The minimum 12 ACH shall be delivered either by the Secondary Engineering Control device (usually ceiling mounted laminar airflow units) or a combination of the Primary and Secondary Engineering Controls to achieve the minimum 12 ACH.  The air being provided and exchanged via the Primary and Secondary Engineering Controls shall be through a HEPA (High Efficiency Particulate Air) filter with a minimum starting efficiency of 99.97% at 0.3 microns whose efficiency shall be confirmed on a yearly basis.

The exhaust from these rooms is usually provided by the Hood/BSC or CAI/CACI.  100% of the exhaust Hood/BSC or CAI/CACI from the Hood/BSC or CAI/CACI should be vented to the outside via a dedicated duct.

Exceptions:  In facilities that prepare a low volume of hazardous drugs, the use of two tiers of containment (e.g., CSTD within a BSC or CACI that is located in a non-negative pressure room) is acceptable.  (This includes locating the CACI in the positive pressure Buffer Area/Zone)

MAS Comments:  MAS has extensive experience in designing and, via our contractor partners, renovating rooms and areas to achieve both positive and negative pressure, ultra-clean indoor air environments.  We currently design the negative pressure ISO 7 Buffer Area/Zone to provide a target of -0.01” W. C. minimum and 35 ACH in any Buffer Area/Zone (i.e., a “clean room” requires 30 ACH minimum).  We also build in enough excess capacity to achieve 40+ ACH when possible.  The BSC and/or CACI shall have more than sufficient supply of ultra-clean air to pass through the HEPA filters in these units.  It should be noted that the pressure in the Buffer Area/Zone is negative and must always be significantly lower than the positive pressure Anteroom/Area.   There shall always be a hard wall segregating these two areas for High Risk CSP operations.

In enclosed ISO 7 Buffer Area/Zones the differential pressure (dP) should be continuously monitored via a pressure sensing device.  Keep in mind that the differential pressure in the ISO 7 room should be compared to a non-pressurized adjacent area such as the common pharmacy area or a hallway and not the Anteroom/Area.

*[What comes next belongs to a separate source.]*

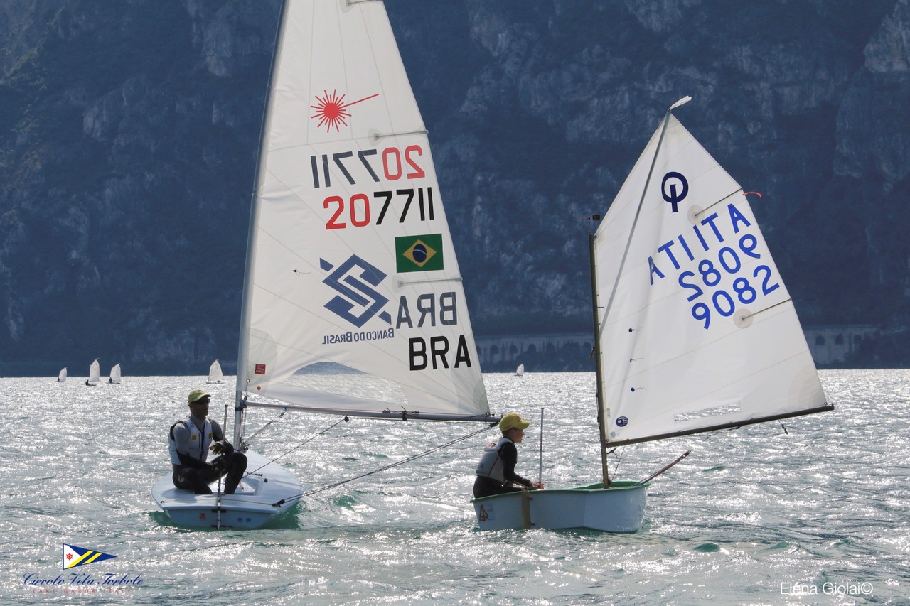 La flotta in acqua ha visto sia timonieri di livello con alcuni rappresentanti della squadra azzurra selezionata ai mondiali, che bambini meno esperti, che hanno però avuto l’emozione di regatare con i più navigati ed esperti. Il vento in media è stato sugli 8 nodi con raffiche sui 12 per un breve periodo. La classifica provvisoria- ancora in elaborazione – evidenzia le vittorie parziali nella batteria gialla rispettivamente di Michele Adorni (Canottieri Marsala) e del bi-campione del mondo Marco Gradoni (Tognazzi Marine Village); di Manuel De Asmundis (Fraglia Vela Riva) e Enrico Coslovich (CDV Muggia) nella due prove della batteria rossa; vittoria in rosa nella batteria blu nella prima regata con Lisa Vucetti (Barcola Grignano), davanti all’ungherese Barna. Vittoria in regata 2 dell’altro ungherese Attila Toth seguito da Riccardo Andreoli (CV Gargnano).Nei cadetti bella lotta nel bordo di poppa tra il portacolori del Circolo vela Torbole Erik Scheidt e Mattia Benamati (Fraglia Vela Malcesine, che ha poi ceduto al grintosissimo figlio d’arte, che poco dopo l’arrivo ha trovato papà Robert sul suo Laser (si sta preparando infatti alla sua settima olimpiade dopo aver conquistato 5 medaglie), a dargli qualche consiglio. Ma il Trofeo Optimist d’Argento è anche condivisione di passioni e momenti di festa, come quello a cui si assiste al rientro di ogni giornata di gare con Krapen party per questo pomeriggio, Nutella e pasta party per le due prossime giornate!

Airflow dynamics (air mixing and air movement) is an integral part of the design of any pressurized room needing an ultra-clean air environment.  We design with considerations of where doors, pass-throughs, other CAIs and any other physical barriers that may be present.  The primary concern is to evaluate what the airflow patterns will be after the installation of the Secondary Engineering Controls and design so that the BSC and/or CACI is protected from any source of contamination.

The exhaust air will usually be exhausted to the outside via the BSC and/or CACI to create a negative pressure environment.  In some instances additional exhaust air via return grilles near the floor may be required.  MAS will usually have the make-up air enter the room under the entrance door to the ISO 7 Buffer Area/Zone from the Anteroom/Area.  Additional supply APS may be required for a larger Buffer Area/Zone.


The Ante-Area or Anteroom

Description: An enclosed Anteroom/Area is defined as a positive pressure area with an ISO Class 8 or better environment maintaining a nominal +0.01” W. C. differential pressure.  All Buffer Area/Zones shall have and Ante-area or Anteroom that is segregated from the areas adjacent.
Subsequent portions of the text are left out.